Anorexia Nervosa

Signs/Symptoms

Anorexia is often driven by perfection. In her previously cited New York Time's best seller, Aimee Liu states that the eating disordered can be divided amongst three groups. (1) Overcontrolled (2) Perfectionists (3) Undercontrolled. "Though filled with self-loathing, anorexics [practice] self-discipline...which they often take to extremes of self-denial and self-punnishment..." (Liu, p39) Bulimics, on the other hand, often display "self-doubt" and "self-contempt." (Liu) "Anorectics, not known for their sisterhood, are notoriously preoccupied with the self". (Brumberg, p 39)

"[One with anorexia] operates under the astounding illusion that she can escape the flesh, and, by association, the realm of emotions." -Marya Hornbacher

"Anorexia is a pathology of the ordinary issues of adolescent passage." (Brumberg, p. 30)
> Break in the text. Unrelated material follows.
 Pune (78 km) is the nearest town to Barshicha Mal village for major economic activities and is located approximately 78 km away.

DMS-IV Diagnostic Criteria:

A. Refusal to maintain body weight at or above a minimally normal weight for age and height (e.g., weight loss leading to maintenance of body weight less than 85% of that expected; or failure to make expected weight gain during period of growth, leading to body weight less than 85% of that expected).
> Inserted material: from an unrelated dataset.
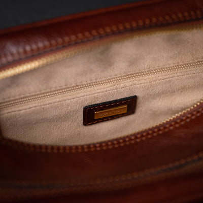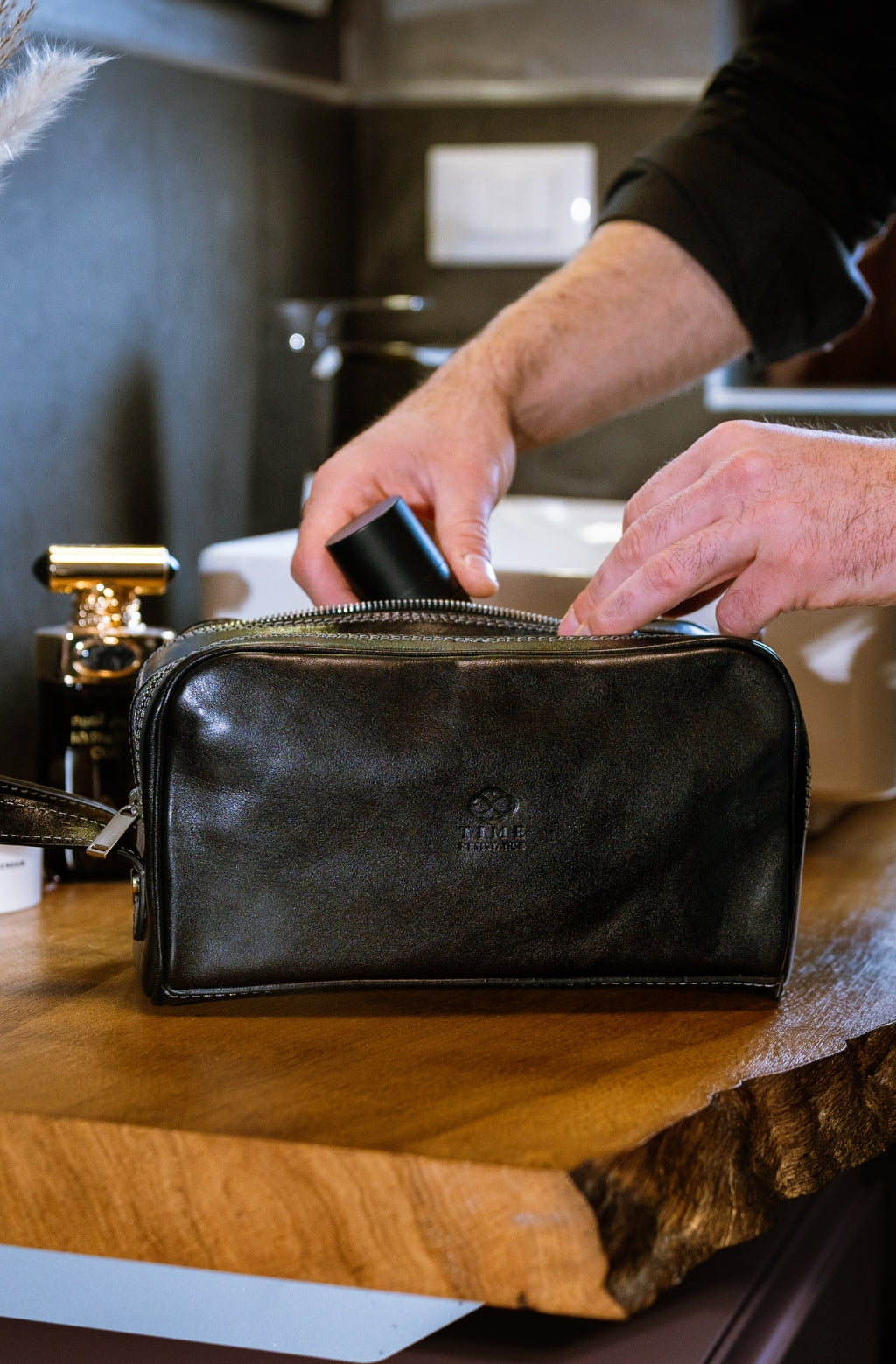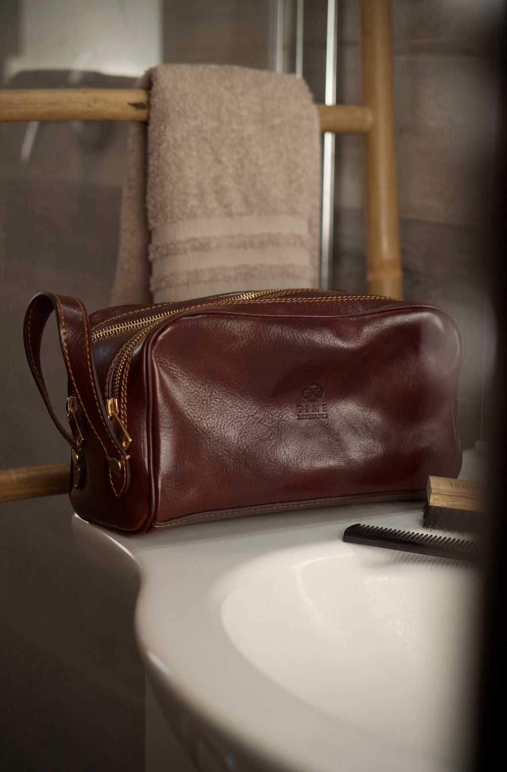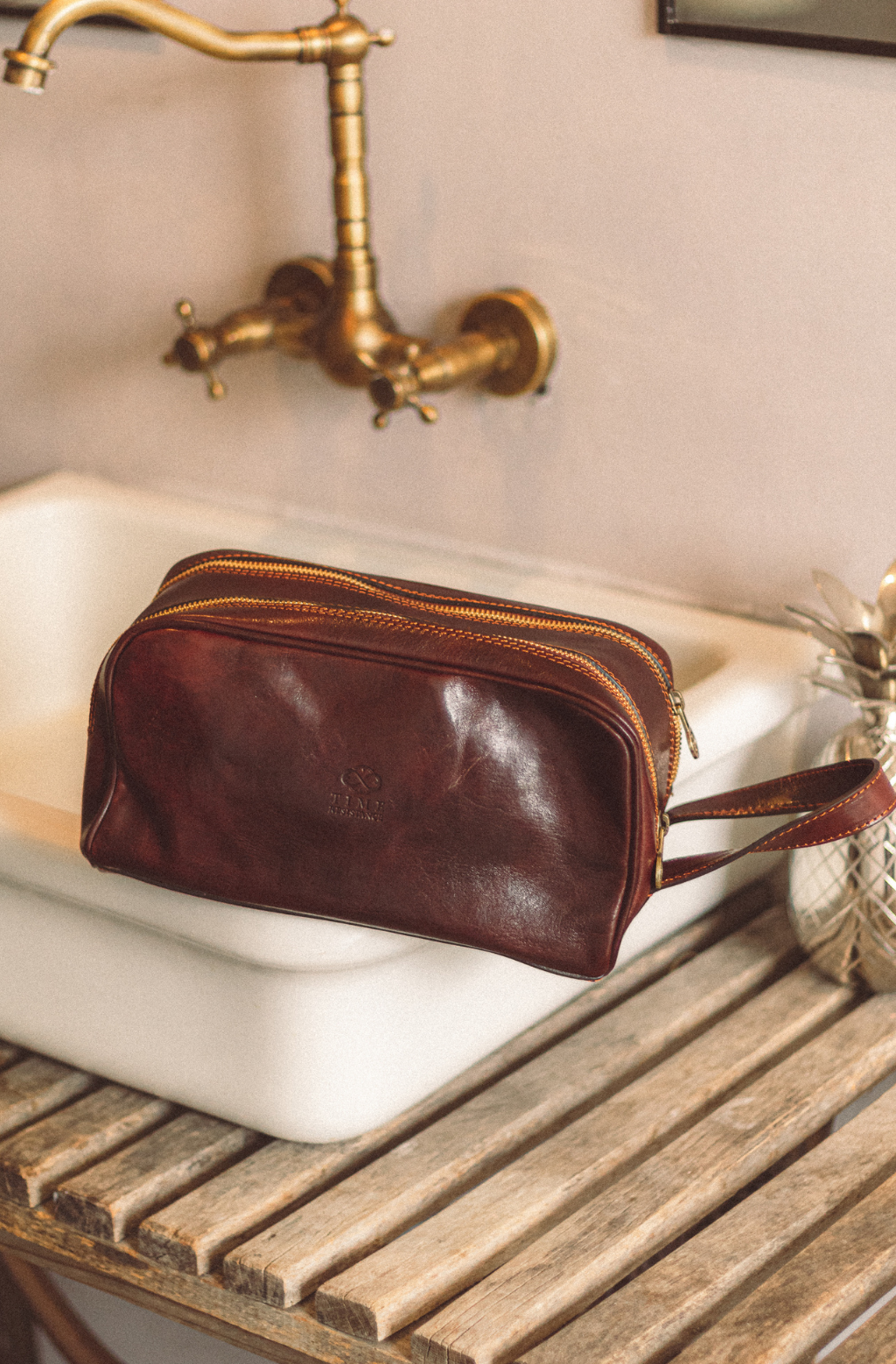 Time Resistance tworzy z włoskiej skóry licowej Vachetta: garbowanej roślinnie i barwionej ręcznie. Z czasem zyskuje szlachetną patynę.

B. Intense fear of gaining weight or becoming fat, even though underweight.

C. Disturbance in the way in which one's body weight or shape is experienced, undue influence of body shape on self-evaluation, or denial of the seriousness of the current low body weight.

D. In postmenarcheal females, amenorrhea, i.e., the absence of at least three consecutive menstrual cycles.